Rice tungro bacilliform virus (RTBV) is a member of the only species in the genus Tungrovirus. Along with members of the genus Badnavirus, RTBV is readily distinguished from other members of the Caulimoviridae by its bacilliform-shaped virions. Although the genome organization of RTBV is very similar to that of members of the genus Badnavirus, it differs by the presence of a fourth ORF (ORF4). This fourth ORF is expressed from a monocistronic RNA that is produced by splicing of the pregenomic RNA. RTBV can also be differentiated from members of the genus Badnavirus by phylogenetic placement based on analysis of polymerase gene sequences.
Virions are bacilliform with a width of 30 nm and a predominant length of 130 nm; longer virions, up to 300 nm, are found in some isolates. The virion structure is based on a T=3 icosahedron cut across its three-fold axis, the tubular portion being made up of rings of hexamer subunits with a repeat distance of about 10 nm.
Physicochemical and physical properties
Virions sediment with an S20,w of about 200 S and have a buoyant density in CsCl of about 1.36 g cm−3.
Virions contain a single molecule of non-covalently closed circular dsDNA of about 8.0 kbp. Each strand of the genome has a single discontinuity.
Protein precursors in the ORF3 polyprotein are processed through the action of the aspartic protease (AP). The mature capsid protein (CP) has been mapped to aa 477–791 (GenBank accession X57924), giving rise to a protein of 37.3 kDa. The aspartic protease has been mapped to aa 965–1085, giving rise to a protein of 13.8 kDa.
Genome organization and replication
The genome contains four ORFs, a large intergenic region between ORF4 and ORF1 and a small intergenic region between ORF3 and ORF4 (Figure 1. Tungrovirus). The pregenomic RNA promoter, polyadenylation signal and negative-sense strand primer-binding site are all located in the large intergenic region. The function of protein P1 is unknown, P2 is the virion-associated protein, and P3 is a polyprotein with movement protein, coat protein, aspartic protease and RT/RNase H1 domains, in that order. P4 is a suppressor of cell-to-cell spread of silencing (Rajeswaran et al., 2014).

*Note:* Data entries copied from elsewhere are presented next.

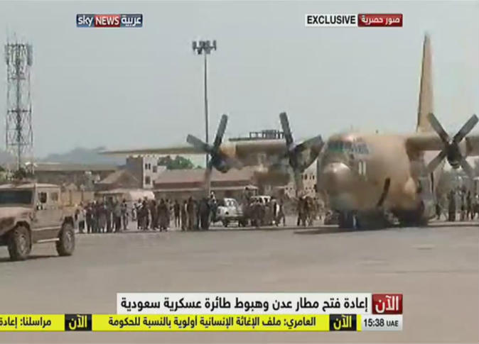بالفيديو والصور ..إعادة تشغيل مطار عدن وهبوط طائرة عسكرية سعودية
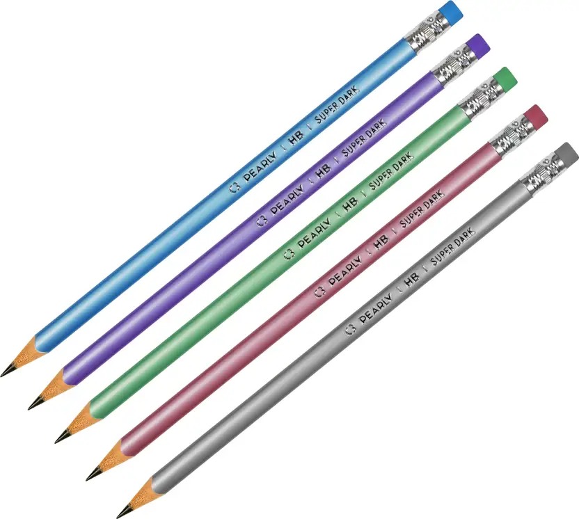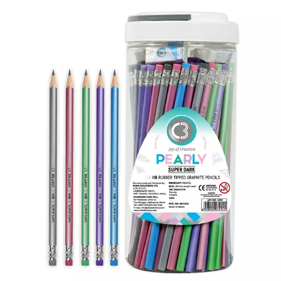 DOMS C3 Pearly Super Dark HB Rubber Tipped Graphite Pencil 100 pcs with Eraser 5 Pcs
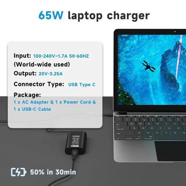 • Output: 5V-3A, 9V-3A, 12V-3A, 15V-3A, 18V-2.5A, 20V-3.25A USB Type-C (USB-C) Laptop Charger.
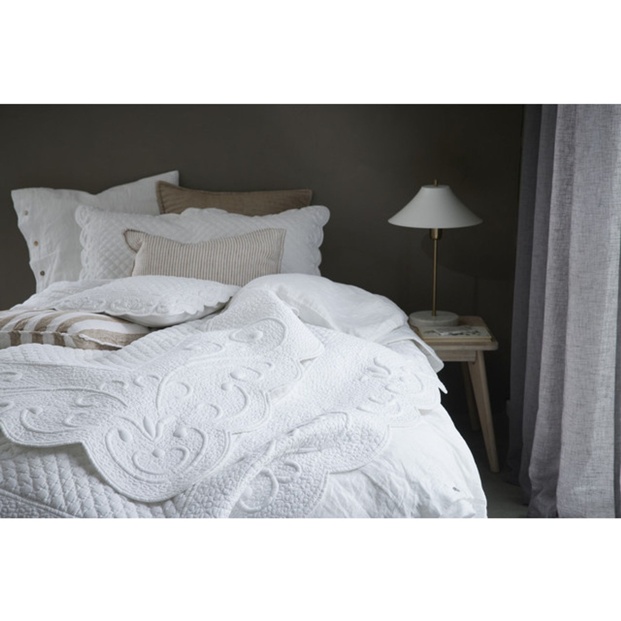 - Linne i tigeröga: Ett mjukt linne som bidrar till en varm känsla i rummet.
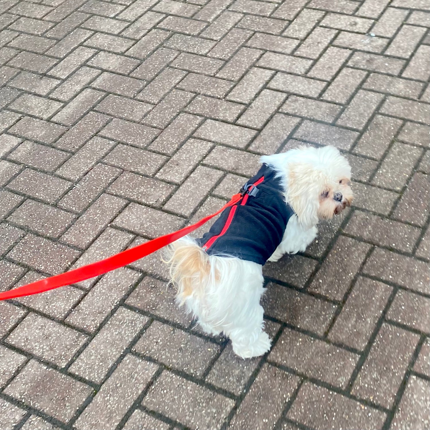 Pip's looking super stylish in her black Zip & Clip fleece (size medium) paired with our Candy Red Waterproof Lead.

Figure 1. Tungrovirus. Tungrovirus genome organization. The linearized map begins at the pgRNA transcription start site (black arrow, mapped or predicted ca. 32 nts downstream of TATA box; see (Pooggin et al., 1999)and references therein). The numbering begins from the first nucleotide of the Met-tRNA primer binding site (black diamond). Light grey boxes mark open reading frames (ORFs). Conserved protein domains as listed in the Pfam database (http://xfam.org) are colored: blue is the viral movement protein (VMP) (PF01107), red is the retropepsin (pepsin-like aspartic protease) (AP) (CD00303), orange is the reverse transcriptase (RT) (CD01647) and yellow is the RNase H1 (RH1) (CD06222). The conserved C-terminus of the coat protein (CP) is marked green.
A single, greater-than-genome length, terminally redundant pregenomic RNA is transcribed. The pregenomic RNA serves as a polycistronic mRNA for translation of ORFs 1–3. Translation of ORF1 is initiated by ribosome shunting and translation of ORF2 and ORF3 by leaky scanning. Consistent with a leaky scanning model of translation, the start codon of ORF1 is non-conventional (AUU), the start codon of ORF2 is in an unfavorable translation context and there is an absence of internal AUG codons in both ORFs. Furthermore, ORF3 is in a −1 translational frame relative to ORF2, which in turn is in a −1 translational frame relative to ORF1. The termination codon of ORF1 overlaps with the start codon of ORF2 (ATGA), and similarly for the termination codon of ORF2 and the start codon of ORF3.
ORF4 is expressed from a monocistronic RNA that is produced by splicing of the pregenomic RNA. An intron of 6,300 nt is excised in a way that fuses the first small ORF (sORFA) in the leader sequence of the pregenomic RNA in frame to ORF4 at a position that is 22 codons upstream of the start codon of this ORF.
RTBV is transmitted by leafhoppers in the genera Nephotettix and Recilia. Although able to replicate independently in its host, RTBV is only able to be transmitted when the leafhopper has acquired rice tungro spherical virus (RTSV; family Secoviridae, genus Waikavirus) simultaneously or previously. This suggests that RTSV may contribute a helper component required for RTBV transmission. RTBV is not mechanically transmissible. There is no evidence of seed transmission. Host range is limited to members of the Poaceae and Cyperaceae.
RTBV is moderately immunogenic.
Derivation of names
Tungrovirus: derived from tungro, meaning “degenerated growth” in a Filipino dialect.
Species demarcation criteria
RTBV is the sole member of the genus.